Bel regarded the food, amused. “Do you have enemies in the
kitchen?”

“No … Exactly the opposite, or so I thought,” Rowan said.
Before her: a bowl of gruel. She picked up her spoon and hesitantly tested it.

In fact, it was excellent, as gruel went: salted and
buttered, with a hint of some other flavoring that Rowan could not identify.
Upon investigation, the tea pot proved to hold chamomile. The mug standing
beside the tea cup seemed to contain milk.

Rowan tasted. It was watered, tepid, and carried a trace of
vanilla …

She suddenly felt herself back in Alemeth, propped up on pillows,
weakly sipping, from a mug held by a solicitous Zenna, exactly this same flavor

Rowan suppressed sudden laughter, which nevertheless escaped
as a peculiar snort. The noise caused Bel to look at her askance. “I believe,”
the steerswoman said, attempting to control herself, “that the staff think I’m
ill.”

“Why
r,

Rowan put down the mug, rubbed the side of her face with embarrassment.
“Will spent the night in my room …”

It took Bel a moment to understand; then she laughed, as
well. “The smell!”

“I’m afraid so.”

Will said, as he pulled a chair from an adjacent table, “We
heard a couple of night maids muttering about it outside the door.” He sat.
“And the people at the bathhouse had a few things to say to me, too.”

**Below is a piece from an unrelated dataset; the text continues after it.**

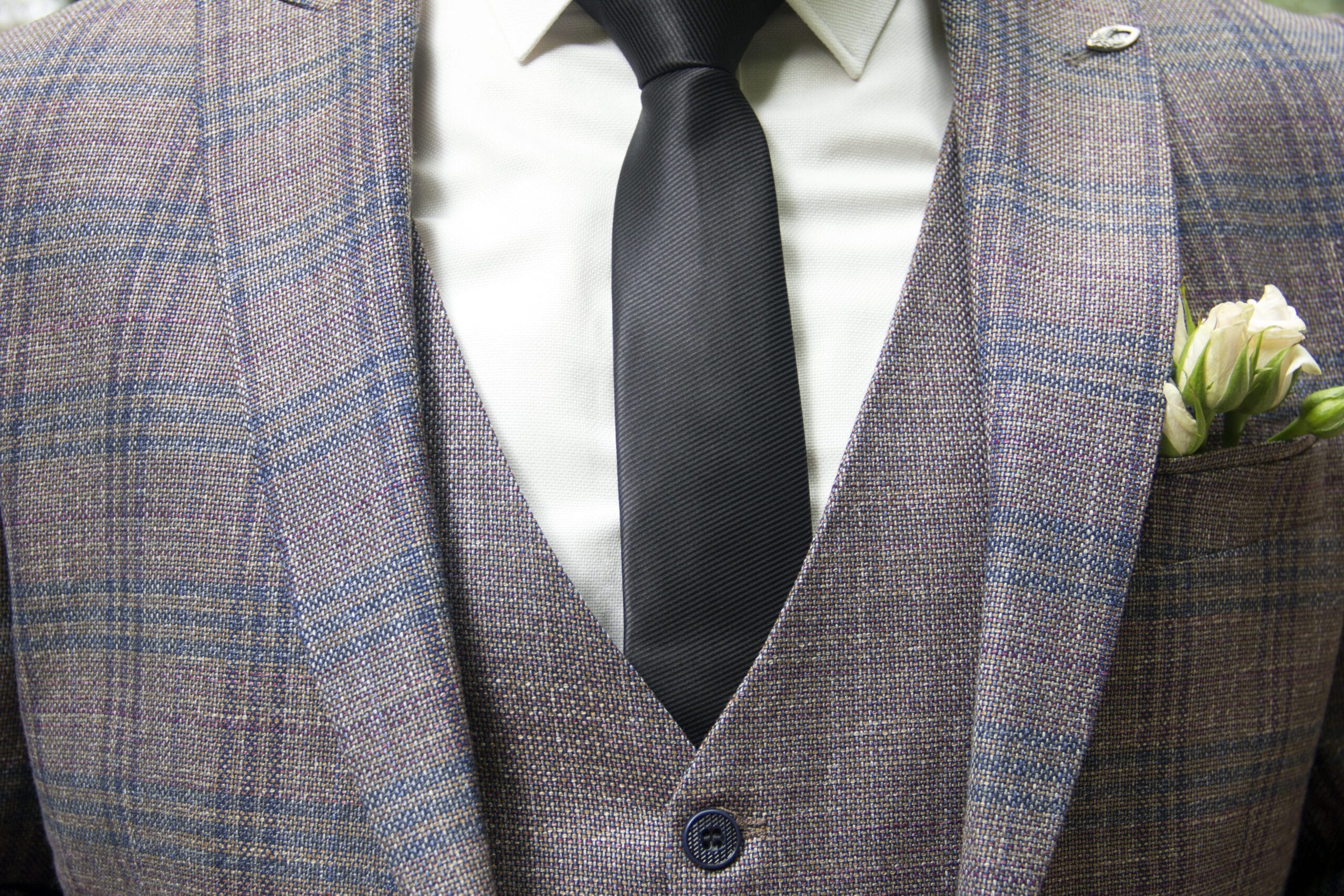 Una de las decisiones menos estratégicas es probar el traje de forma incompleta. El conjunto debe evaluarse tal como se llevará el día del evento, incluyendo camisa, calzado y accesorios.

Bel gaped at him. Eventually, Will said: “… It’s the hair,
isn’t it?”

“That wasn’t a wig?” the Outskirter asked.

“No.” He ran his fingers through it, close to his scalp. The
barber had corrected Rowan’s clumsy work, and Will’s hair was at least all of
one length, but of necessity it was extremely short. Now clean and stark, pure
white, its new texture sent it bristling in every direction. With his copper
eyes and dark brows, the total effect was very unusual indeed.

“What did you see that frightened you?” Bel asked him. Will
repeated the explanation, as Rowan signaled again to the servers.

“Well,” Bel said, “now that you don’t stink, I can greet you
properly.” She rose. “Come on, stand up.”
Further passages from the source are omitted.